Problem description.
Taking the entries below, transcribe only the lines starting with the one with "Januári csobbanás –" and going on through the one with "Elevate your wardrobe", exactly as written, without the pictures.

Extracted records.
——
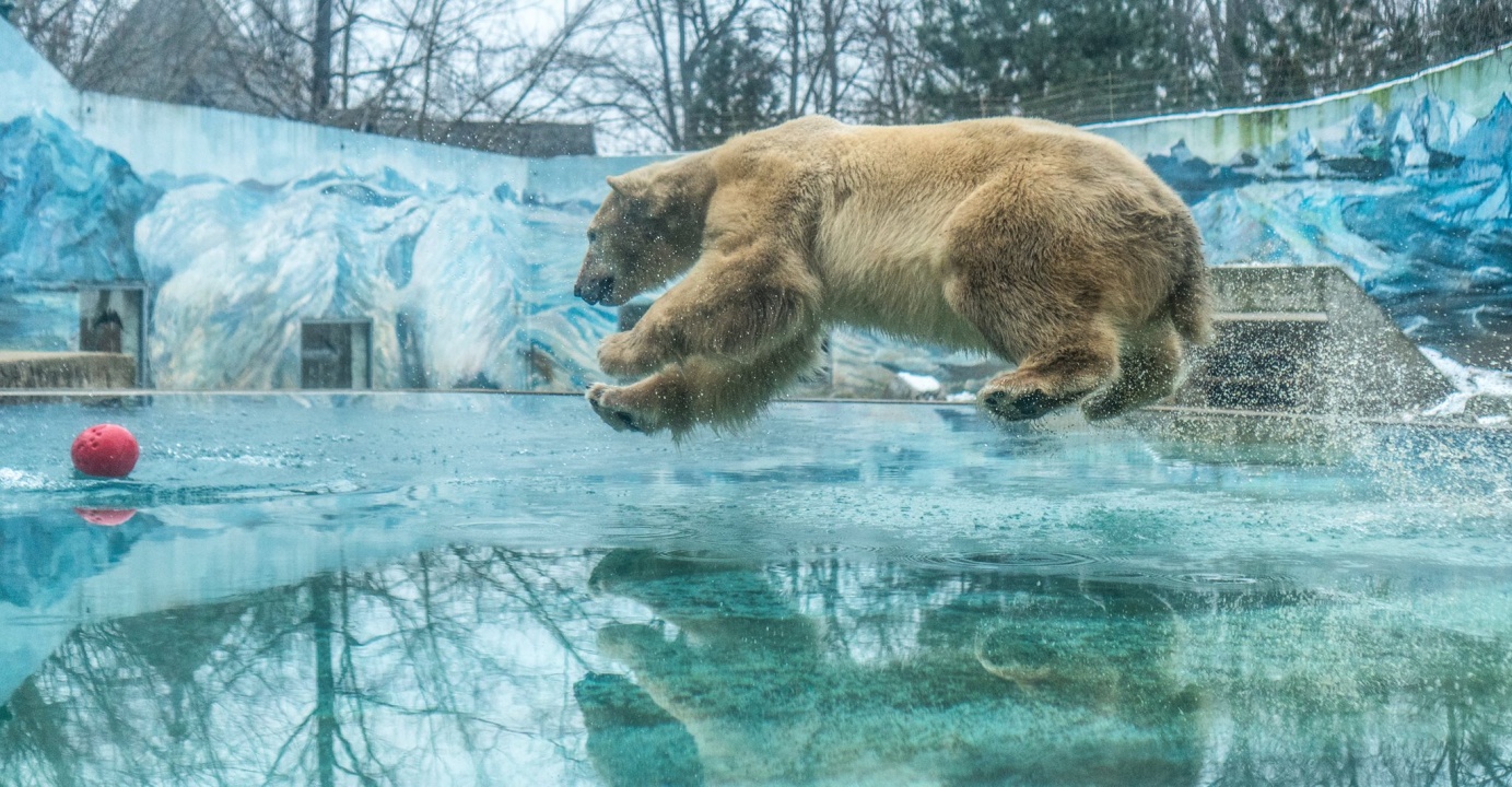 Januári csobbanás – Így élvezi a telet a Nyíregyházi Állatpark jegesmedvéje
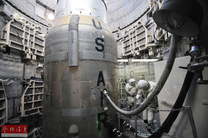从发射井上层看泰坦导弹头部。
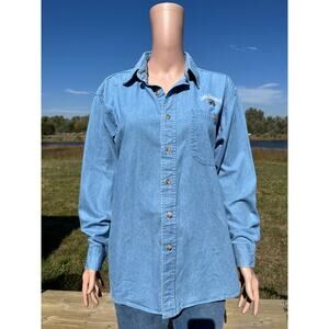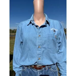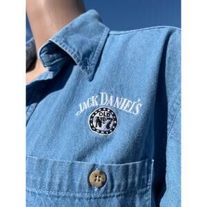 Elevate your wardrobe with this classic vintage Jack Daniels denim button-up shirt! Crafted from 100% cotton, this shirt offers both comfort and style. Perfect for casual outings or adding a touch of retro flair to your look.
——
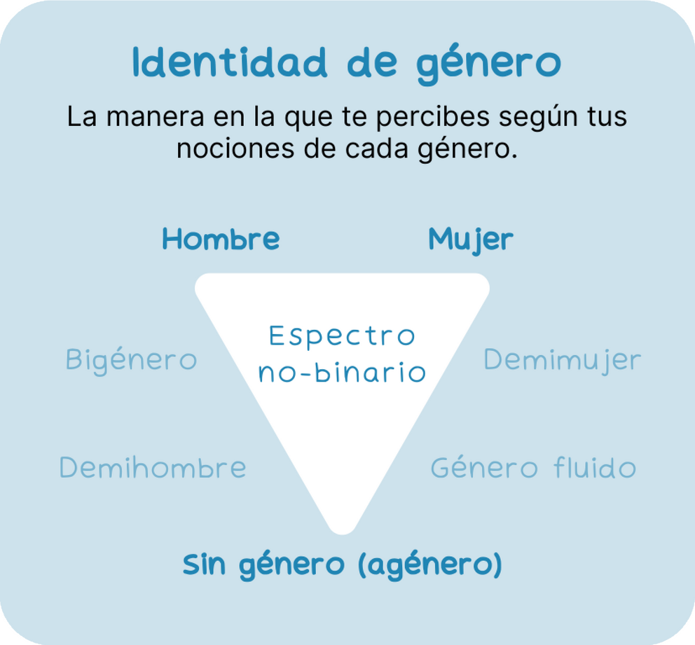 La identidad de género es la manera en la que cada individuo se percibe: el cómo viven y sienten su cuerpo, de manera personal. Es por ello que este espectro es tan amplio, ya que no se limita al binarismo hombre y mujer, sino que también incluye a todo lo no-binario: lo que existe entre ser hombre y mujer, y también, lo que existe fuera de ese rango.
——
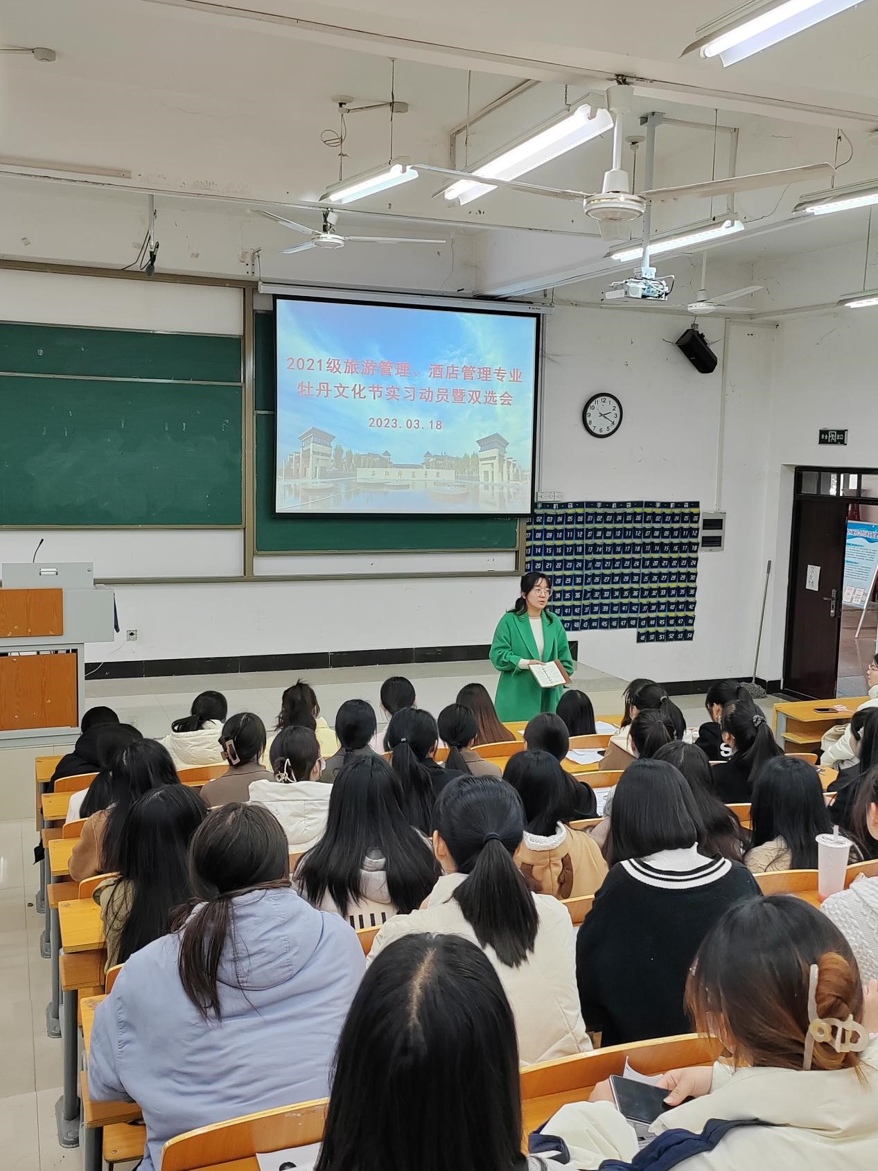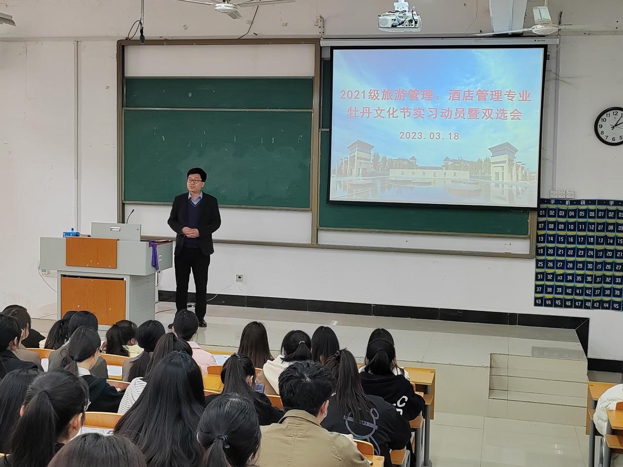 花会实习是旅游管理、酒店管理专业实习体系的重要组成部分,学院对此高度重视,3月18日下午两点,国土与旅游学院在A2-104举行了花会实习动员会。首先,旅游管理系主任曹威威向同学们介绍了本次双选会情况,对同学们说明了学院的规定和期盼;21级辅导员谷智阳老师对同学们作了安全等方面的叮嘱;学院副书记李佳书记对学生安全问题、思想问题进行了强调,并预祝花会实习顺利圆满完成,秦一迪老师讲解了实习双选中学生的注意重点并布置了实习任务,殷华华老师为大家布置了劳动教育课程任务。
——
Your solution.
 Januári csobbanás – Így élvezi a telet a Nyíregyházi Állatpark jegesmedvéje
从发射井上层看泰坦导弹头部。
 Elevate your wardrobe with this classic vintage Jack Daniels denim button-up shirt! Crafted from 100% cotton, this shirt offers both comfort and style. Perfect for casual outings or adding a touch of retro flair to your look.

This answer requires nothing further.